Bonhoeffer's Reception
of Luther. Michael P. DeJonge. Oxford
University Press, 2017.
Bonhoeffer was a Lutheran. Say it again. Bonhoeffer was a
Lutheran. Although his long-standing association with his contemporary Karl
Barth has sometimes led us to believe Bonhoeffer was more Barthian than
Lutheran, and although evangelicals (that bastard Eric Metaxas chief among
them) like to claim him for their cause, the truth is simple: Bonhoeffer was a
Lutheran.
DeJonge opens his book with simple statistics. Bonhoeffer
quotes Martin Luther more than any other theologian--870 times, and usually
approvingly. Karl Barth, by contrast, gets fewer than 300 citations in
Bonhoeffer, and theologians like Augustine, Aquinas, Kierkegaard, and Calvin
each get only a few dozen citations.
Frequency alone fails to establish influence, so DeJonge
offers a more nuanced and compelling thesis. "Bonhoeffer thought his
theology was Lutheran, and he was justified in thinking so" (7). DeJonge
believes this thesis has interpretive value, because taking Bonhoeffer's
Lutheranism "seriously generates better interpretations of his texts in
their context than readings that do not" (7). It especially facilitates
coherently interpreting what are otherwise especially difficult problems in
Bonhoeffer scholarship.
Offering this thesis, DeJonge then unpacks first how
Bonhoeffer understood himself as a Lutheran, and second what it might mean for
Bonhoeffer to consider himself a Lutheran. Much hinges on this method. It
offers itself as a compelling model for interpreting any theological figure.
Consider first how the author gives
him or herself, their own self-understanding. Engage their self-understanding
charitably. Then consider more broadly whether their self-understanding
comports with a broader historic understanding of the tradition. Or, as DeJonge
once more summarizes it, "Bonhoeffer understood his own thinking to be
Lutheran (in a narrow, insider sense of Lutheran), and he was justified in that
(in a broader, outsider sense of Lutheran)" (10).
Failing to notice the Lutheran character of Bonhoeffer's
thinking results in a variety of interpretive problems. For DeJonge, chief
among these is the inattention to the connection between Bonhoeffer's theology
and Luther's two-kingdoms thinking. Similarly, attending to the influence of
Luther on Bonhoeffer highlights Bonhoeffer's academic phase focus on "the
church as the present Christ or, what is the same, the place where the gospel
is preached and heard" (14).
The book opens with a consideration of Luther Renaissance
scholars' impact on Bonhoeffer, with particular attention to Karl Holl.
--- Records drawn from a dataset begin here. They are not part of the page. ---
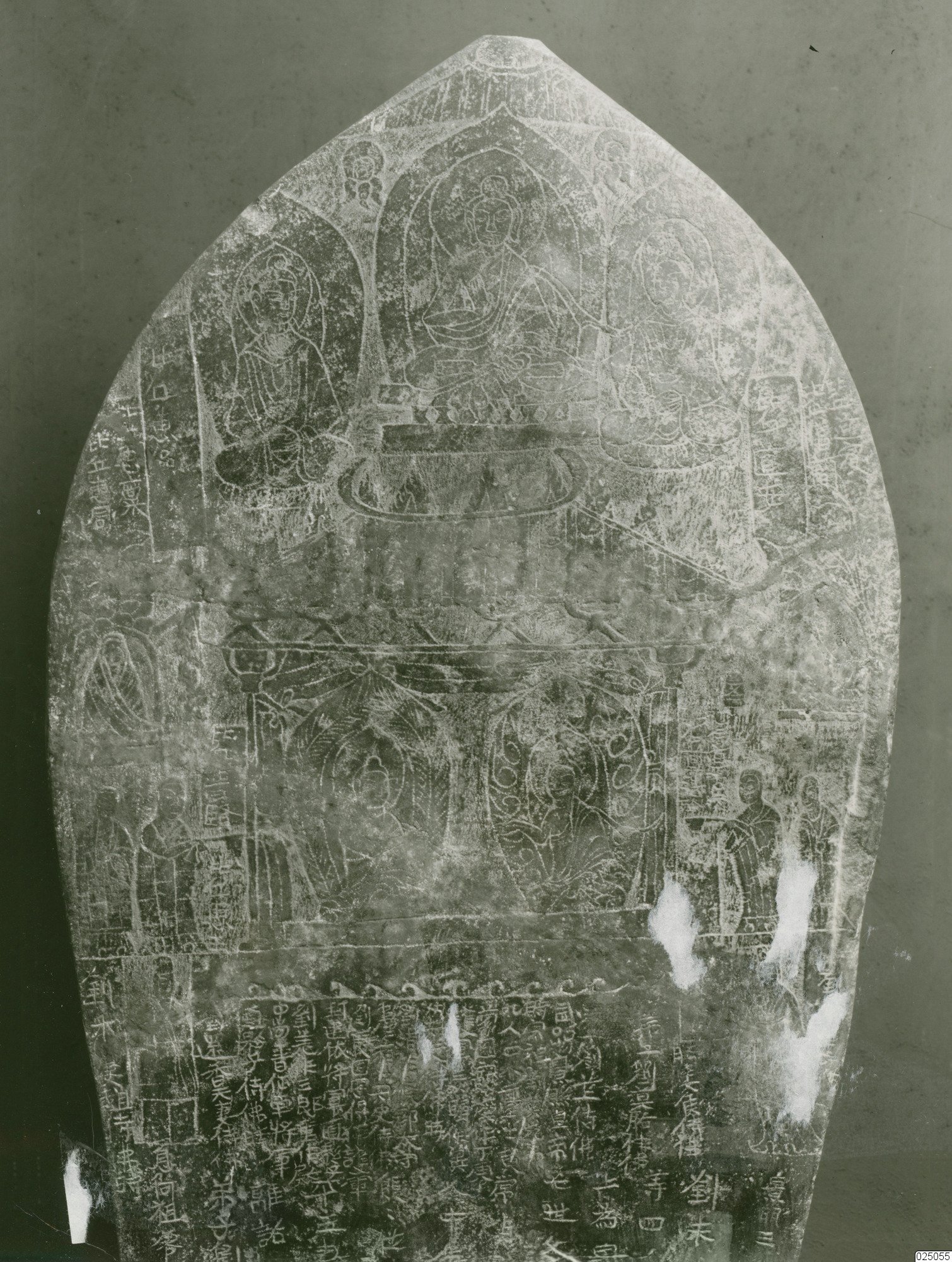 Baksidan av en buddhistisk stele i grå kalksten. Norra Wei-dynastin.
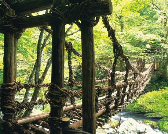 在日本的四国岛有三座葡萄树桥,这座最小的葡萄树桥上面的木板每条都间隔了18-30厘米,走在上面感觉非常刺激。
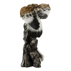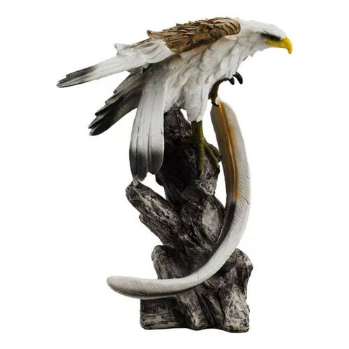 Enfeite decorativo no formato de uma águia em cima da rocha decorado com uma pena longa. Peça com 24.5 cm de altura e 13 cm de largura. Cores realista. Material: resina
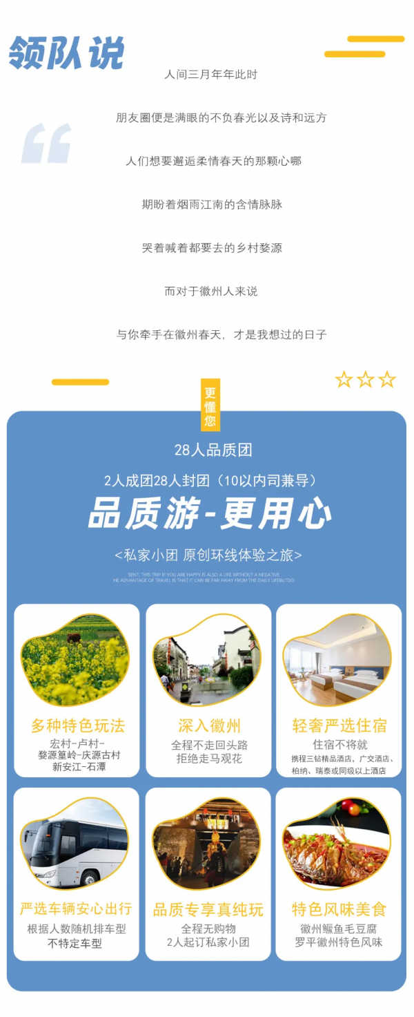 下午徒步蜀源靈山,在養(yǎng)分充足的春天里,漫步花海叢中,感受古老歷史下的小城。約3:00左右結(jié)束行程,返程 預(yù)計(jì)下午16:00抵達(dá)黃山市區(qū),建議購買16:30以后或次日返程票。
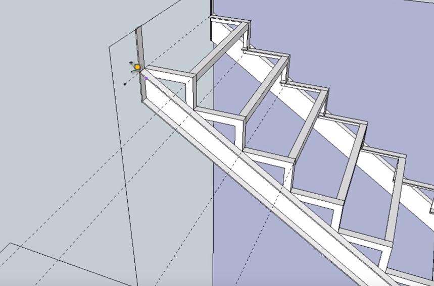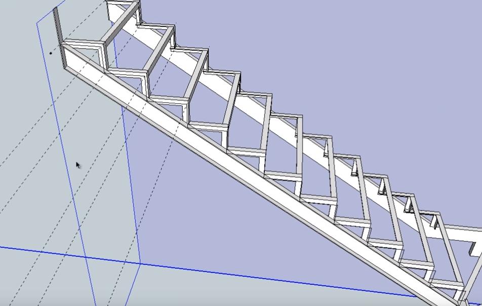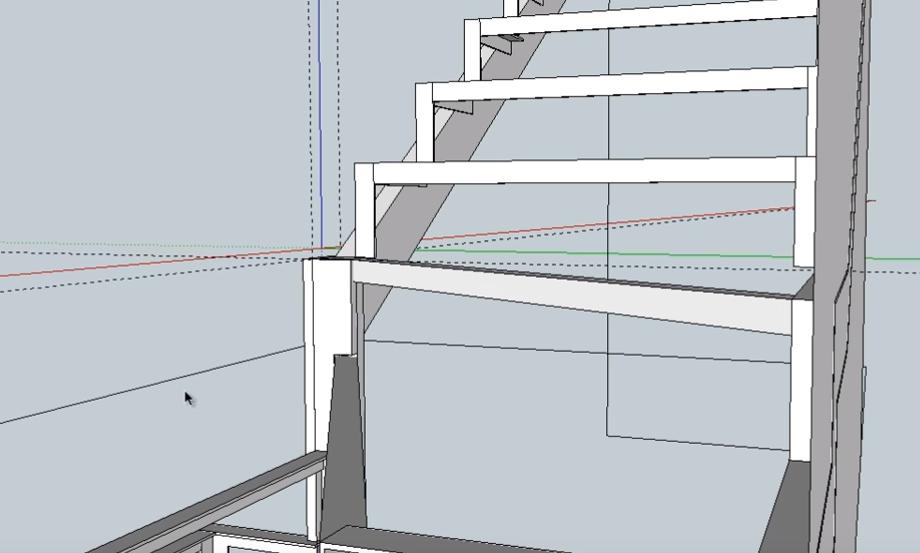 Данный цикл уроков поможет вам самостоятельно спроектировать деревянную лестницу на металлическом каркасе на второй этаж в программе 3D-моделирования ScetchUp-8. Об основных функциях и возможностях этой программы мы рассказали в Уроке № 1. Металлический каркас мы сконструировали в Уроках № 2 и № 3. Теперь же мы начинаем прорисовывать и устанавливать элементы деревянной обшивки лестницы: облицовочные доски, подступенники и ступени. Этому будут посвящены данный 4-й урок и следующий 5-й. В самом конце приведены ссылки на дополнительные материалы, которые помогут вам самостоятельно разработать проект и построить по нему, практически, любую лестницу с теми параметрами, которые наиболее подходят для вашего дома.
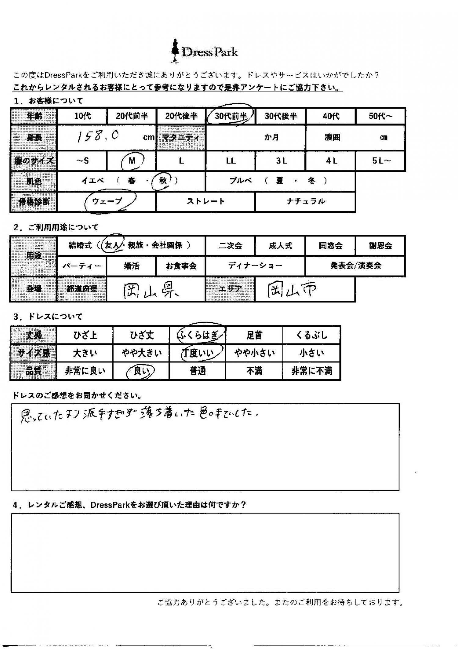 岡山県 M.Y様158㎝ Mサイズ #30代#M/L#155~159㎝#結婚式(友人)#岡山県 ◆レンタルしたドレスはこちら ◆レンタルしたサイズは:M ◆レンタルした日付:2025/11/08 ドレスの着用感 ◆点数: (4点) ◆丈感:ふくらはぎ ◆サイズ感:丁度いい ◆品質:良い ◆肌色:イエベ ◆骨格診断:ウェーブ ドレスの感想 思っていたより、派手すぎず、落ち着いた色味でした。 CUSTOMER REVIEWS お客様の声 気になるカテゴリー別にご利用の感想をチェック! ◆AGE 年代で見る 10代 20代 30代 40代 50代~ ◆SIZE サイズで見る SS/S M/L 大きいサイズLL~ ◆HIGHT 身長で見る 140~149㎝ 150~154㎝ 155~159㎝ 160~164㎝ 165~169㎝ 170㎝以上 ◆マタニティ ~3か月 4~6か月 7~8か月 9~10か月 ◆肌色 イエベ ブルべ ◆骨格診断 ウェーブ ストレート ナチュラル ◆利用シーン 結婚式(友人) 結婚式(親族) 結婚式(会社関係) 二次会 成人式 謝恩会 パーティー その他 CUSTOMER REVIEWS都道府県別お客様の声 都道府県別にのお客様の声をチェック! 北海道 青森県 岩手県 宮城県 秋田県 山形県 福島県 茨城県 栃木県 群馬県 埼玉県 千葉県 東京都 神奈川県 新潟県 富山県 石川県 福井県 山梨県 長野県 岐阜県 静岡県 愛知県 三重県 滋賀県 京都府 大阪府 兵庫県 奈良県 和歌山県 鳥取県 島根県 岡山県 広島県 山口県 徳島県 香川県 愛媛県 高知県 福岡県 佐賀県 長崎県 熊本県 大分県 宮崎県 鹿児島県 沖縄県 CUSTOMER REVIEWSエリア別お客様の声 都道府県別にのお客様の声をチェック! 札幌 仙台 名古屋 軽井沢 金沢 神戸・芦屋 博多 那覇 梅田・新大阪 難波・心斎橋 鎌倉・湘南 横浜・みなとみらい 舞浜・浦安・幕張 大宮・浦和 青山・表参道 六本木・麻布 渋谷・恵比寿 新宿 池袋 銀座・丸の内 お台場・汐留 鹿児島市 郡山市 福島市 東予 甲府・石和 LINEでお問い合わせ このサイトではJavaScriptを使用しています
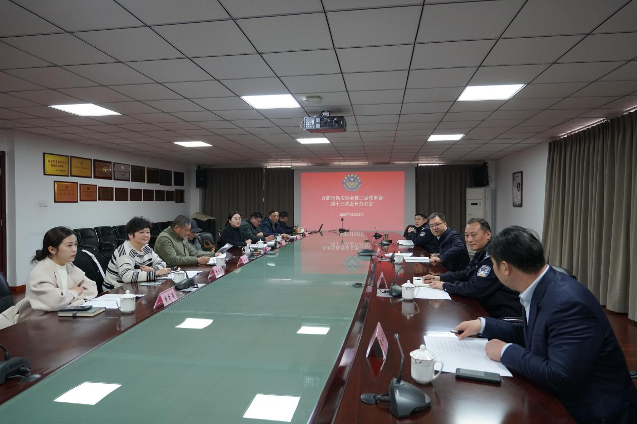2023年12月27日上午合肥市保安协会第二届理事会第十三次会长办公会在合肥保安集团五楼会议室召开。合肥市公安局保安监管领导、协会班子成员参加会议。

Although Holl is not widely known today, he is recognized as the initiator of
the Luther Renaissance. Bonhoeffer's close engagement with Holl illustrates how
early and deep Luther is in Bonhoeffer's thinking. Intriguingly, Bonhoeffer
even offers a correction to Holl's hyper-focus on conscience, and instead
grounds justification in Christ rather than the conscience, a move that has
significantly influenced our theology of justification yet today.
Christology takes center stage in the book as a whole.
DeJonge maps the influence of Luther on Bonhoeffer's single-agent Christology.
"The heartbeat of Lutheran christology is the christological 'is'--this
man is God--which translates into the exclusive agency of the person of
Christ... if there is anything about the Lutheran tradition that Bonhoeffer
sees with [special] clarity and pursues with abandon, it is the exclusive
christological agency of the person of Christ" (67).
Then, from "Christ is" DeJonge notes that
Bonhoeffer moves to "Christ is present" and finally to "Christ
is present as Word, sacrament, and church-community." Sound Lutheran? You
bet!
Something I particularly love about DeJonge's approach: he
has a way of situating Bonhoeffer, placing him within a particular tradition
and historical moment while also reading him generously. Having outlined a
variety of theologies of two-kingdoms that arose in the 20th century, he says
of Bonhoeffer that his "two kingdoms thinking is of course of a particular
type... from early through the late period of his thinking, Bonhoeffer thinks
in terms of the two kingdoms, although his thinking adjusts, to borrow a phrase
from Ethics, in accord with
reality" (102-103). This is the kind of author and scholar you want to
spend time with, somebody who generously reads his subject of inquiry, and even
enlists that author in the interpretation of his own development.
In the late portion of the book, DeJonge takes time to
disambiguate Bonhoeffer from the Anabaptist theological lens, especially the
work of John Howard Yoder and Stanley Hauerwas. Such disambiguation is
essential, because the association of Bonhoeffer with Anabaptism "leads to
a number of misinterpretations. " So he takes time in the Anabaptist
chapter to demonstrate Bonhoeffer's non-commitments to nonviolence over-against
the misinterpretations of Hauerwas and Yoder (143).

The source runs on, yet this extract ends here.